IN this festive season of giving, I have a confession to make. I believe the gift of an organ donation is one of the greatest gifts we can offer, but I am not a card carrying member of the Organ Donor Register.

Why do I, like so many other people, believe one way and act another? A key player in this debate, the NHS Blood and Transplant Special Health Authority says “only 31 per cent of families said they would agree to donation going ahead if they are unaware of their loved one’s decision to donate”.

It is clearly unacceptable that 67 people in Oxfordshire waited for a transplant this Christmas and 21 Oxfordshire residents died in the last five years due to a shortage of organs. So the authority wants us to talk about this in the holiday season.

Well, I don’t know if anyone else is going to take up that challenge, but I will.

Why am I not on the Organ Donor Register? I’ve ‘parked’ the decision.

I simply didn’t want to face decisions about my death. I could do that tomorrow…not today and tomorrow never came. So on the hard question of people dying because of no donors, I took the easy path and lived the unexamined life.

I admit I’m squeamish. I don’t like the thought of someone cutting huge chunks out of my body, even though I would be dead.

But, of course, in the UK with an unexpected death it is a legal requirement to have an autopsy to determine the cause of death and this is an invasive inspection of organs which could be removed to save lives. Few people have qualms about this yet most wouldn’t allow organ donation.

Then there are the myths. I thought the optimum source of organs would be a young person in a road traffic accident; and in a borderline case, where the person might, but not necessarily die, would the doctors be faced with this question – Do I save this one person or could I harvest the organs and save six? Would the utilitarian principle prevail: the greatest good for the greatest number?

Do I want to support such a system? The answer is ‘no’, but that’s not our system. Many people in road traffic accidents die instantly, or if they survive they have serious injuries to their organs which make them inappropriate for donation.

Besides, those looking after RTA victims are entirely different and act independently to transplant teams.

The arguments in favour of donation are magnanimity and altruism, the ability to help someone, anyone, a stranger by offering them a new lease on life.

Selfishness is another reason. If I don’t donate, the argument goes, I should not receive. Why should my wife or children and other loved ones have a moral right to receive an organ if I and they don’t donate?

One friend, the author Sara Banerji, argued “When I’m dead I’m just a haunch of meat, so why not take what you need?”

I needed a personal litmus test to check out my position on organ donation. A friend and Headington neighbour, Diana Sanders, had a heart and lung transplant some time ago and invited me last year to Wytham Village Hall for a celebration of “10 years of life”.

She was a survivor. I took her to tea. Could she convince me?

“My donor was 31 and I was 46 at the time of the transplant, so I’m very young at heart,” she began.

“I’ve talked twice to her mother. My donor gave parts of her body to help 30 different people. Even her skin was a gift to children who had severe burns.

My donor worked in a nursery so that must have been a comfort to her family. They’ve talked with me and in a direct way they even feel like family to me. The mother commented that Emma, the sister of my donor, sends her love, even though I’m a complete stranger to her and yet at the same time someone very close. So in a sense I feel blessed with permission to be around all these years.

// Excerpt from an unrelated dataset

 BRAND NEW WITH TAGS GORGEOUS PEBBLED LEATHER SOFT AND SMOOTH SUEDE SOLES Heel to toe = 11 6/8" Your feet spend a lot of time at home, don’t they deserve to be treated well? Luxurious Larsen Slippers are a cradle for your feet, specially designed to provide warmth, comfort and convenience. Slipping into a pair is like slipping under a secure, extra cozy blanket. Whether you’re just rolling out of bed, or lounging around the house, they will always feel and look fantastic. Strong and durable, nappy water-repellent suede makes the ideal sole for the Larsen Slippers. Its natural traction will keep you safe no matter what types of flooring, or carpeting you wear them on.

“But the quality of giving is twice blessed because since the organ donation was so willingly and generously given in the knowledge it would help others, this has made the bereavement easier for the family. It took the sting out of the death for them a little.”

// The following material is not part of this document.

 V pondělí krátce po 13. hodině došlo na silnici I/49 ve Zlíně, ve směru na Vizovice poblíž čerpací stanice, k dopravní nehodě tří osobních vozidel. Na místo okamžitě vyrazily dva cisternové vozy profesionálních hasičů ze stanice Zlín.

The decision to donate organs is very complex. Even in my own family it was contentious with both my father and my mother.

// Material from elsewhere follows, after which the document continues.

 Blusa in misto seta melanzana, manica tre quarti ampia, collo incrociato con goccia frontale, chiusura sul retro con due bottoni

My father had agreed to donate his brains as part of a research project on ageing. When he died, my mother said “no” to his brain being removed.

We – myself and my three siblings – respected her wishes to leave my dad’s body alone. So I can understand at the point of death why people would say “no”; and that’s how we overrode dad’s intention and decision to donate his brain to science for research.

When mum died, although she was 87 and too old to donate most organs there was an opportunity for her to donate her corneas because that’s the part of the eye which does not age. We four children were split on this decision – three in favour and one opposed who couldn’t bear the thought of my mother’s eyes being removed. The family had only one hour to decide and we all finally agreed, so I know first-hand the trauma and pressure this can cause in a family. The clincher was that mum was on the Organ Donor Register and that took the decision out of our hands.

Imagine having those arguments at the point of death. The question needs more informed debate early so when the decision time comes it is not in the middle of the trauma of death. I hope it comes down to this – “Live life, then give life” – because organ donation potentially affects us all, one way or the other.